You need a drawdown plan for the suggested €30k per year - presumably this doesn't include transport / accommodation costs if you are looking to travel? I'd suggest various different periods in state savings bonds for the amount you require over 10 years (€400k?) and put any excess into the investments pot. So you get some growth on accessible funds, the more readily available amount is released over time as the savings bonds mature and the excess amount can grow over a longer 10yr + period in investments (presume this is a global equity tracking fund and not individual shares).

Good luck and would love to hear your journey in 1 year on your decision and a year later on the reality of where you end up (although try and remember those of us stuck working so don't overdo the enjoyment levels)

50+Out


----------



## AAAContributor (21 May 2021)

SilentRunning said:


> I can’t see myself wanting to return to my current career. I have not enjoyed what I do for some time and I have no real desire to re-skill at this stage in life.

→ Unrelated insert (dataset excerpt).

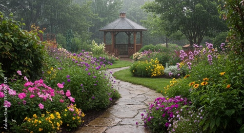 Naklejka premium Rain-Kissed Garden with Wooden Gazebo and Colorful Flowers

This blog charts a fellow IT analyst's work experiences, disillusionment with the career, and their escape the rat race / financial independence journey. It could be interesting for you to benefit from their insights / perspective:









						Living a FI
					

A Geek's Guide to Financial Independence




					livingafi.com


----------



## Brendan Burgess (21 May 2021)

elcato said:


> I'd take a year off. Don't tell people you are retiring.



Great advice. 

Maybe even ask your employer for a career break.  You don't have to go back if you don't want.

Brendan


----------



## SilentRunning (21 May 2021)

Thanks again everyone for all the great feedback.

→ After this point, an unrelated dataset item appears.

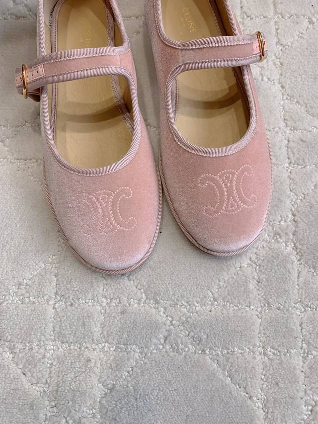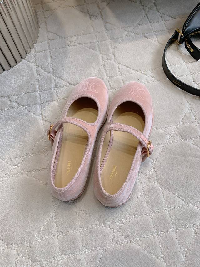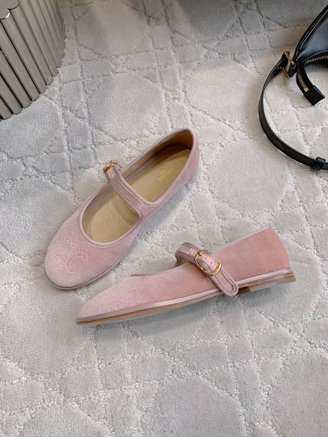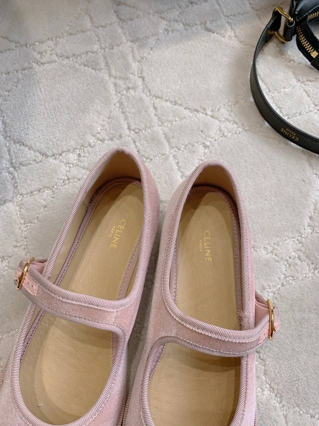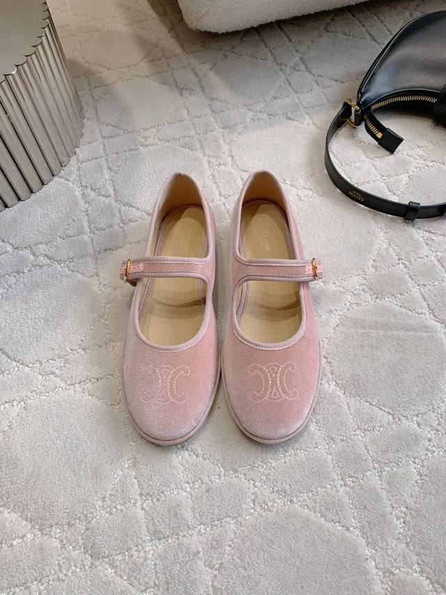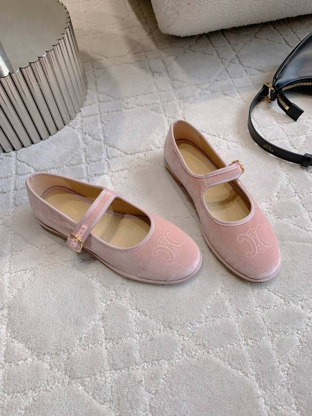 出厂价P Celin*新款玛丽珍平底鞋 这一季的美到心坎里了 超级百搭时髦的老钱风 上脚超级舒适 随意穿出高级感 鞋面进口丝绒 内里垫脚羊皮 意大利真皮大底 尺码35-39 40 41定做

I suppose I have been reading a lot about FIRE recently and probably focused more on the RE part and not fully appreciating/considering that the FI part gives me lots of options.

The travel plans will certainly give me the time and space to consider my future goals.

I’m an IT contractor so redundancy/career break is not an option.

State savings bonds was not something I had considered but I will do some research on how they work. On the Investments, there’s about 100k in one stock and the rest is in various active and passive funds. BTW… I wasn’t really serious about crypto. I don’t need any additional stress.

I will absolutely come back in a year’s time with an update.


----------



## joe sod (21 May 2021)

SilentRunning said:


> State savings bonds was not something I had considered but I will do some research on how they work. On the Investments, there’s about 100k in one stock and the rest is in various active and passive funds. BTW… I wasn’t really serious about crypto. I don’t need any additional stress


Is that 100k in a tech stock? From your career I would guess that it is maybe. I would be very careful about putting too much money into tech at the moment given the incredible run its had over the last decade. Nobody can predict the future but the current worries over inflation and possible future interest rate hikes would be very bad for tech stocks. We could be on the verge of a 2002 style big tech stocks sell off and rotation out of that sector. You probably remember how devastating that was for jobs in tech back then. Also as regards state savings bonds you are locking in ultra low interest rates for the duration of the bond even though the nominal value of the bond might be very safe.
There is a lot of talk about this subject now, I would recommend having a look at Rory gillens investment site. He has made many contributions to this site.


----------



## SilentRunning (21 May 2021)

@joe sod Yes, it is one of the big tech stocks. I actually have reduced my holding by about €200k in the last month (big CGT bill incoming). I agree that it's possible the tech stocks run will slow down over the next few years but I am not quite as pessimistic that there will be a huge selloff though.
Thanks for the Rory Gillen recommendation, I'll check out his site.


----------